One saving grace of such a strategy was that the firm wasn't caught up in the whole dot-com boom-and-bust cycle. While many other PR firms in town got stiffed as the cash began to fizzle out for the Internet wannabes, Wragg & Casas was spared because it didn't take on any of the tech clients.

In a way, the firm was born out of adversity.

Otis Wragg started his own PR firm in 1989 after he left General Development Corp., a Miami home builder embroiled in a federal investigation over its deceptive sales practices. Eventually, four top officials were convicted on fraud charges, which were later overturned by an appeals court. Wragg briefly served as a spokesman for the reorganized company.

When Ray Casas joined Wragg in 1991, the firm became Wragg & Casas.

Much of Wragg & Casas' business comes in by referrals -- from present and past clients, attorneys or community groups where they may have volunteered in the past.

"When we come to the table, we usually know someone at that table. We know the executives or the lawyers or both," Joanna Wragg says.

She says the firm's impartiality -- its ability to step away and view all of the opinions and issues surrounding a problem and listen to all the constituencies affected -- is one of its strong suits. Wragg adds that the firm's previous ties to the Archdiocese of Miami or Casas' work with the church shouldn't pose a problem.

"He's not a bishop. He's one of about a million lay Catholics in South Florida," says Joanna. "But he also happens to be more knowledgeable [about the archdiocese and these issues] than all of them."

"We've been hired to do a professional job.
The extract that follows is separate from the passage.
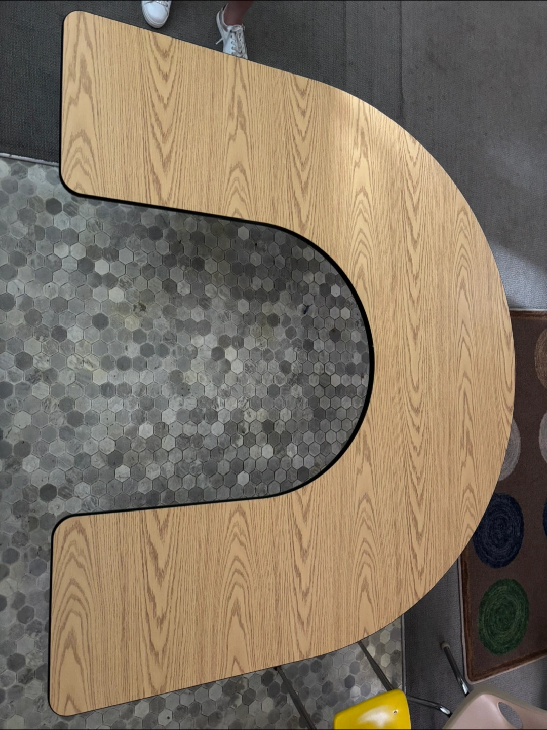 Giving away a wooden horseshoe shaped sturdy preschool table. It's in great condition and sells for over $600. It measures about 65 inches wide and 61 inches long and the height is adjustable. Need it to be picked up ASAP

That's what we're going to do," adds Casas.

While the firm does do pro bono work for some nonprofit groups in town, the job for the archdiocese is not a freebie. Wragg & Casas is on retainer. Neither the firm nor the archdiocese would say what that fee is.

However, other PR professionals say that crisis management can be quite lucrative because of its all-consuming nature. The fees are usually 1 ½ to 2 times a firm's usual rate.

Roy Black, a Miami attorney who usually presents high-profile clients, often calls in Wragg & Casas to handle the media during a crisis. "They'll be over here in 20 minutes," he says. "They're good at making sure there's a response for reporters."

Black hired the firm to work with his client, Eller Media, which faced criminal charges of sloppy wiring after a 12-year-old boy was electrocuted on a rainy night in a bus shelter owned and maintained by the company. They came in quickly and developed a strategy for dealing with the media and the community, he recalls.

Some credit the firm's effectiveness in dealing with crises to the partners' deep ties in the South Florida community as well as their journalism training. All three have newspaper backgrounds.

"You can think like a reporter and you can preempt their questions," says Cori Zywotow Rice, a former journalist who runs Samcor, a Coral Gables PR agency recently purchased by Hill & Knowlton.

"It's a joke around here," says Joanna Wragg, that "we spend a lot of time teaching journalism" because very few executives have knowledge of how the media works.

"They demand fairness and accuracy for their clients," recalls Martha Musgrove, who as a former associate editor on the Herald's editorial board dealt with issues that affected Wragg & Casas' clients.

However, Joe Garcia, who served as a spokesman for Save Our Everglades -- the group on the other side of the Everglades restoration issue in 1996, recalls that Wragg & Casas "used a lot of tactics that I thought were unfair and mischaracterized" the facts in the battle to impose a penny-per-pound tax on Florida sugar.

The PR firm, which was representing U.S. Sugar Corp., took the line that the tax would be disastrous for the state's sugar industry.

Meanwhile, Wragg & Casas won't comment on precisely what strategy it will devise for its latest embattled client -- the Miami archdiocese -- or how many of its 20 staffers will be devoted to this project.

But outreach and openness are likely to be part of the plan.

"The general principle," says Joanna Wragg, is that "if you have to cut off a hand, it's better to do it all at one time than a finger at a time."